Lines from the one with "ยุทธศาสตร์ชาติระยะ 20 ปี" through the end of the records, and no others, are what the answer should contain, copied exactly; please keep pictures out.

== TASK DATA

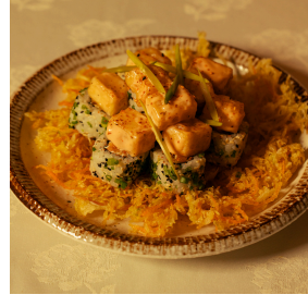
Age tofu roll اجي توفو رول

Carrot tempura, cabbage tempura, cream cheese, topped with fried tofu, tossed in a special sauce, togarashi, asparagus, served with cabbage and carrot tempura on the side تيمبورا الجزر، تيمبورا الملفوف، جبن كريمي، توفو مقلي مغطى بصلصة خاصة، توغاراشي، وهليون، يقدم مع تيمبورا الجزر والملفوف 5.000
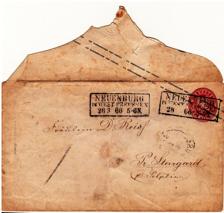
De complete envelop met open klep

In Pruisen en Hamburg werden deze enveloppen eerst diagonaal afgestempeld over zowel de envelop als de postzegel waarna een brief of iets anders in de envelop werd gestopt. Vervolgens werd de envelop dichtgeplakt en verzonden.
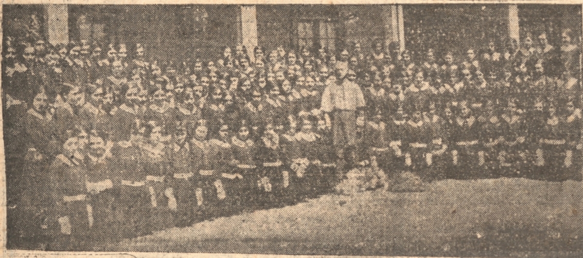
EN EL COLEGIO DE LA INMACULADA DE CONCEPCION

En momento oportuno usó de la palabra el Obispo señor Fuenzalida, contestando al señor Nuncio.
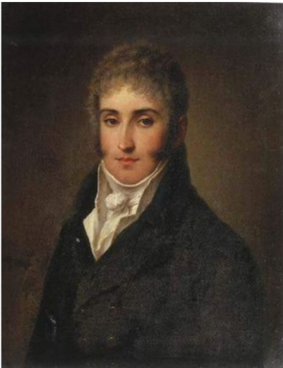
Адам Ежи Чарторыйский

Чарторыйского вызвали в Петербург из Италии 17 марта 1801 г. Но поехал он не сразу, поскольку захотел осмотреть эту достопримечательность.
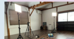
sony ZV-1 sony ECM-AW4/ RODE HS2
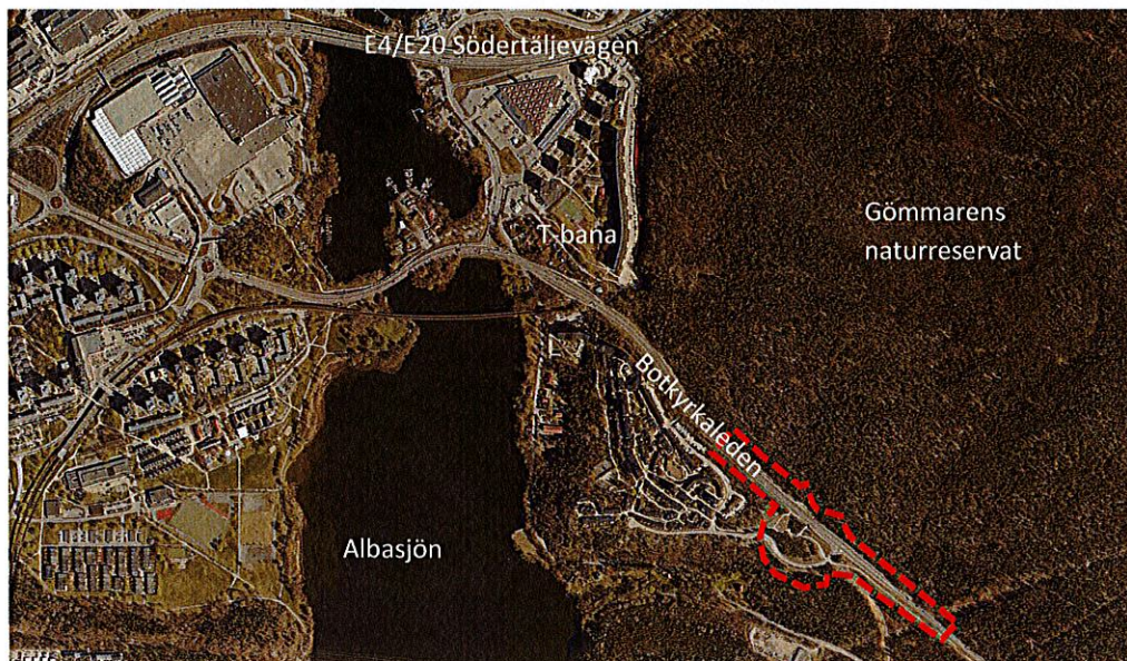
Figur 3: Flygfoto över berört område. Upphävandets avgränsning markerat i rött.
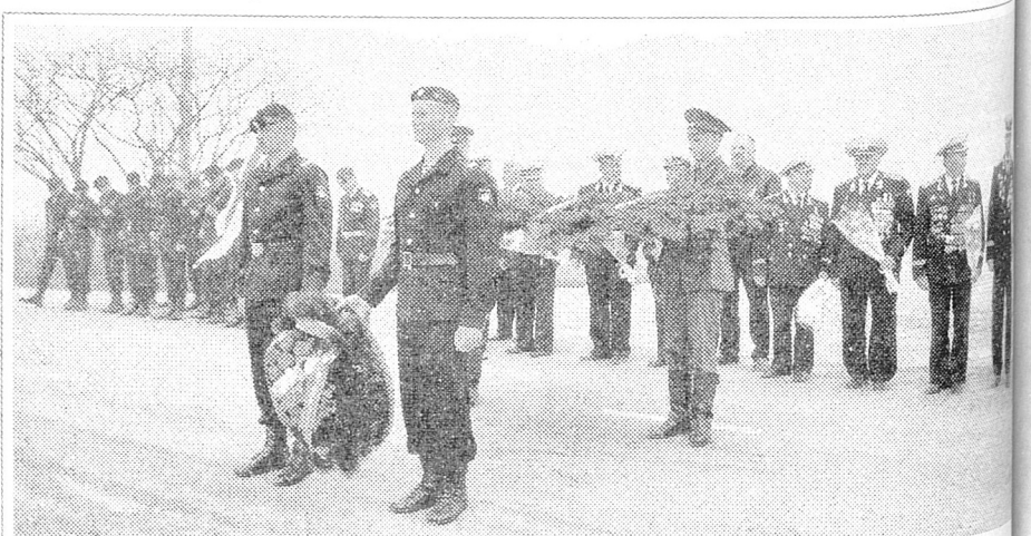
Возложение венков к памятнику Воину-освободителю
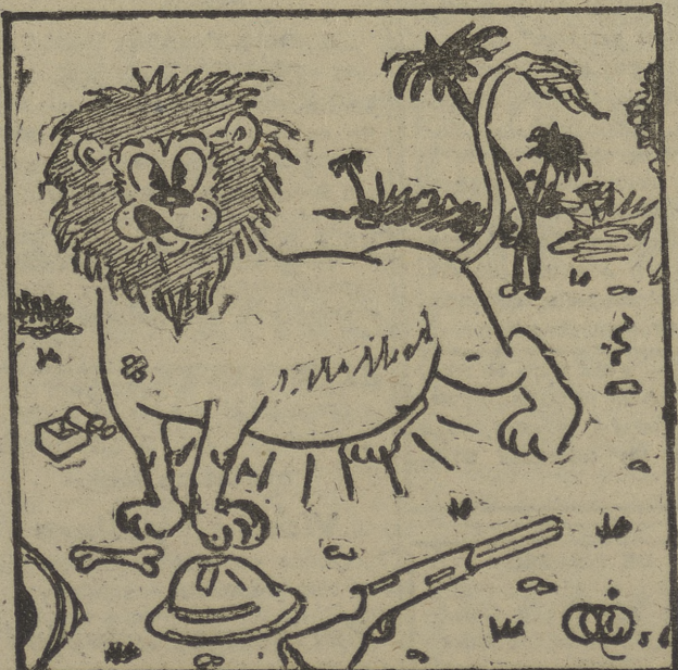
—¡ya le decia yo, Pepe, que ese rille tallaba mucho...!
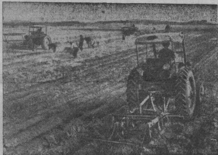
Корейская Народно-Демократическая Республика. На снимке: уборка зерновых в провинции Южный Хванхэ. На переднем плане — лущение стерни.
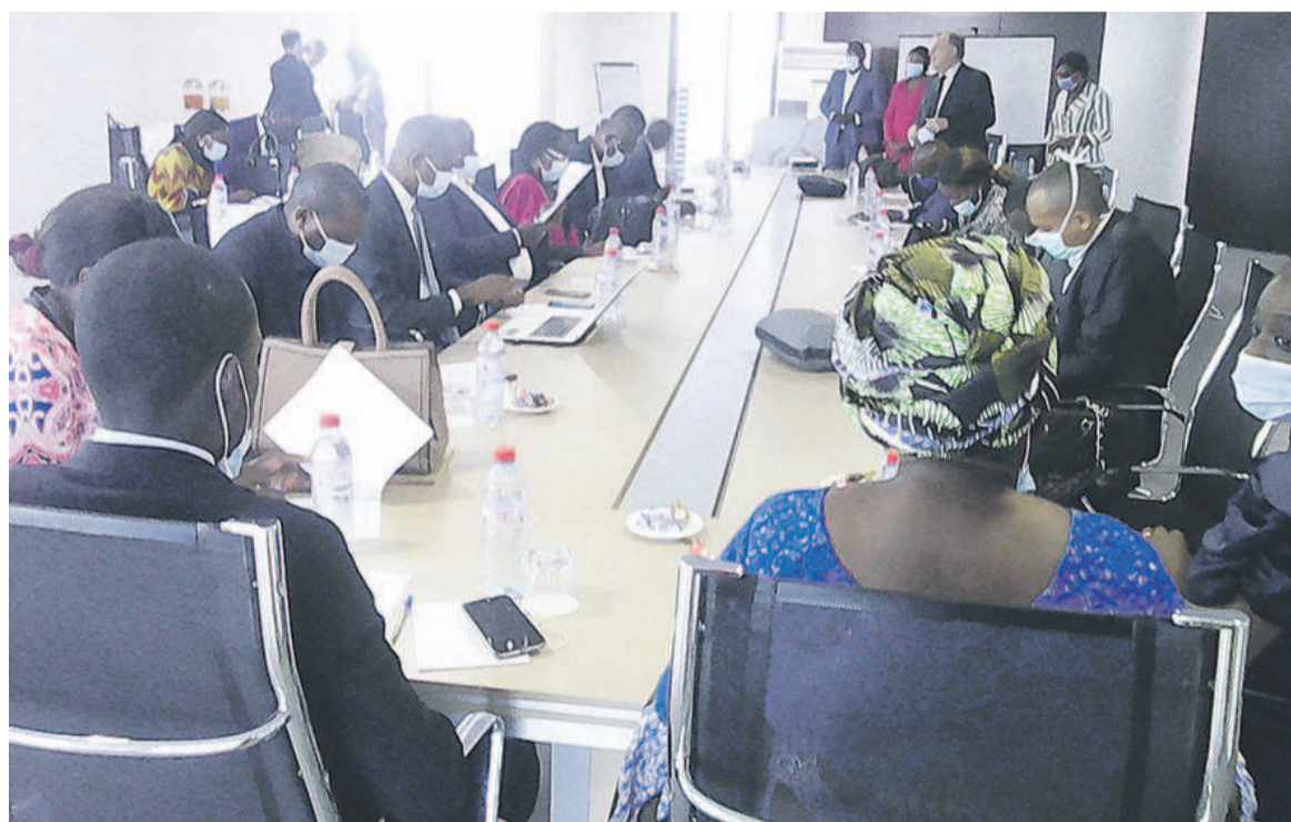
Réunion préparatoire du comité pharmaceutique et thérapeutique du CHU/Adiac

Parmi les principaux problèmes d'inefficacité ainsi que d'utilisation incorrecte des médicaments on peut citer entre autre
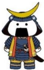
仙台・宮城観光PRキャラクター 「むすび丸」
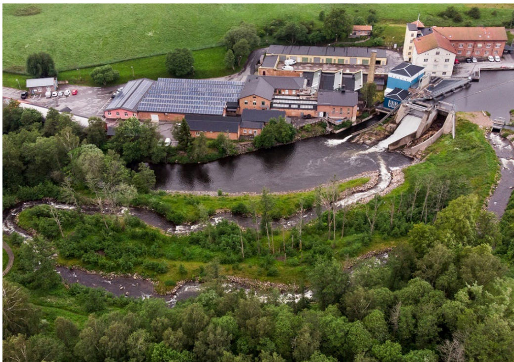
Figur 3. Hedefors vattenkraftverk, Lerums kommun. Konstruktion av naturligt omlöp för att gynna svagsimmande arter. Projektet har fått finansiering av Bra Miljöval Miljöfond.
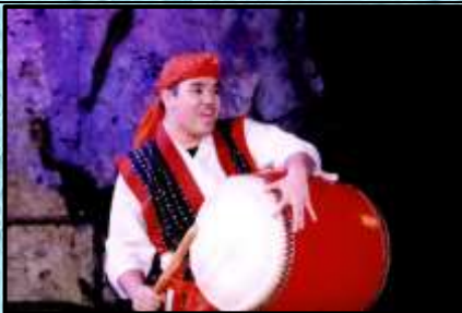
エイサー観劇④
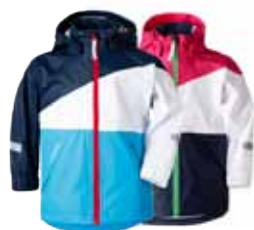
GULL REGNJAKKI 8.995 KR.
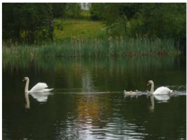
Svanene på dammen
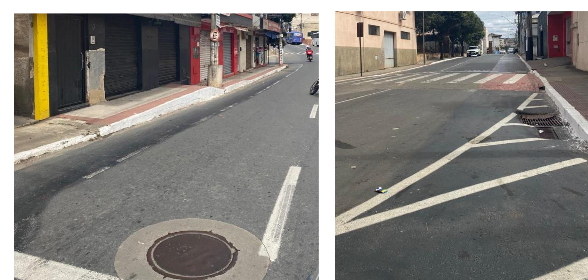
Ciclofaixa que voltou a ser estacionamento e pista para veículos na Av. Silvio Ávidos.
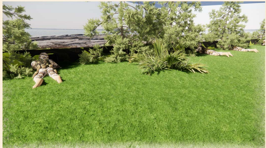
防禦散兵坑復舊模擬
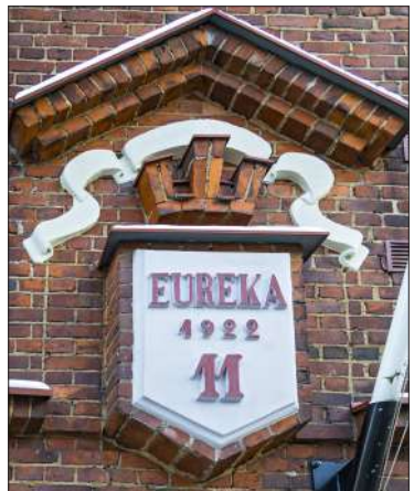
Talon valmistumisvuosi ja katunumero näkyvät julkisivussa.

”Taloon tulijoiden vahtimisen lisäksi portieeri hoiti ruokatilauk-
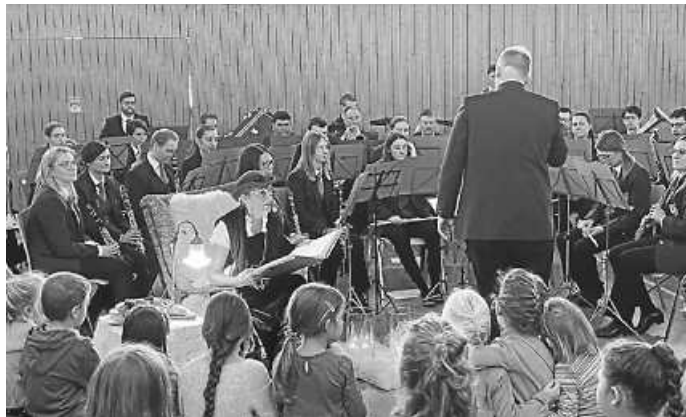
Gespannt tauchen die jüngsten Zuhörer in die märchenhafte Welt von „Schneewittchen“ ein
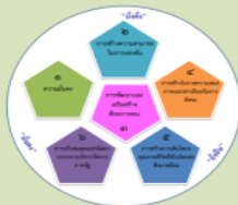
ยุทธศาสตร์ชาติระยะ 20 ปี และการปฏิรูปประเทศไทย ด้านสาธารณสุข
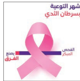
شهر التوعية بسرطان الثدي

تم إطلاقها في إطار برنامج المسؤولية المجتمعية: تحت مظلة «ويك» و«ياك» واحدة من المبادرات الثلاث الرئيسية التي أطلقتها stc لهذا العام، التي أتم التركيز على دعم رواد الأعمال والشباب والشركات الناشئة، للاستفادة من الزخم القوي الذي اكتسبته من نجاح حملاتها في السنوات الماضية. أما المبادرة الأساسية الثانية فكانت تحت مظلة
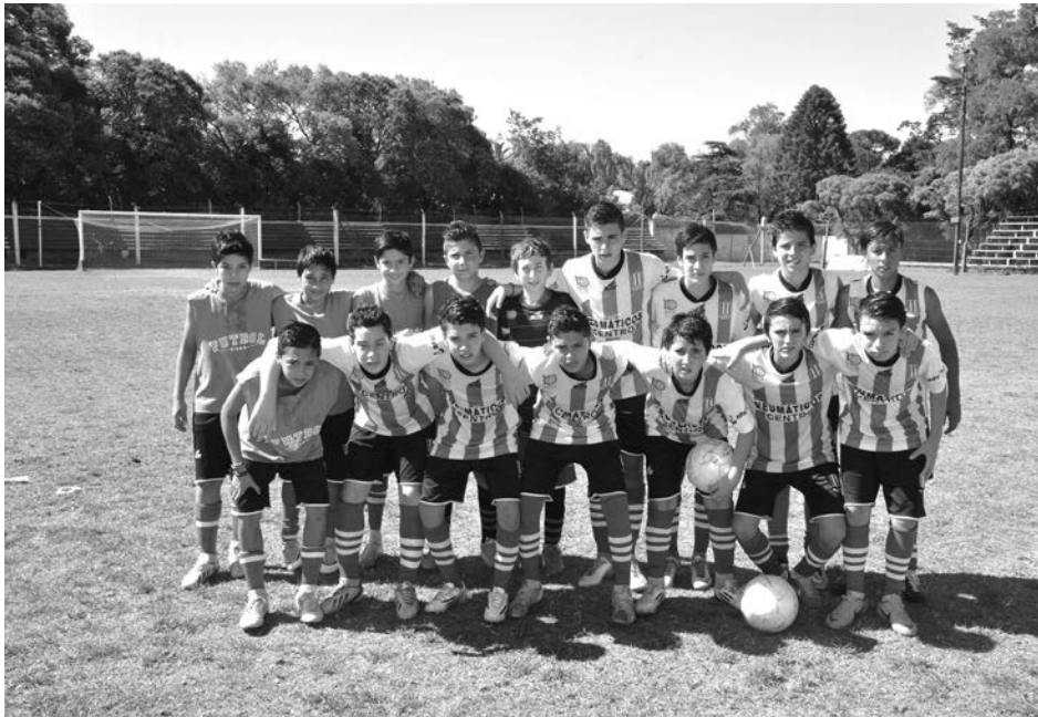
8va categoría de Atlético 9 de Julio.

====

* **EXERCISE OUTPUT**
ยุทธศาสตร์ชาติระยะ 20 ปี และการปฏิรูปประเทศไทย ด้านสาธารณสุข
شهر التوعية بسرطان الثدي

تم إطلاقها في إطار برنامج المسؤولية المجتمعية: تحت مظلة «ويك» و«ياك» واحدة من المبادرات الثلاث الرئيسية التي أطلقتها stc لهذا العام، التي أتم التركيز على دعم رواد الأعمال والشباب والشركات الناشئة، للاستفادة من الزخم القوي الذي اكتسبته من نجاح حملاتها في السنوات الماضية. أما المبادرة الأساسية الثانية فكانت تحت مظلة
8va categoría de Atlético 9 de Julio.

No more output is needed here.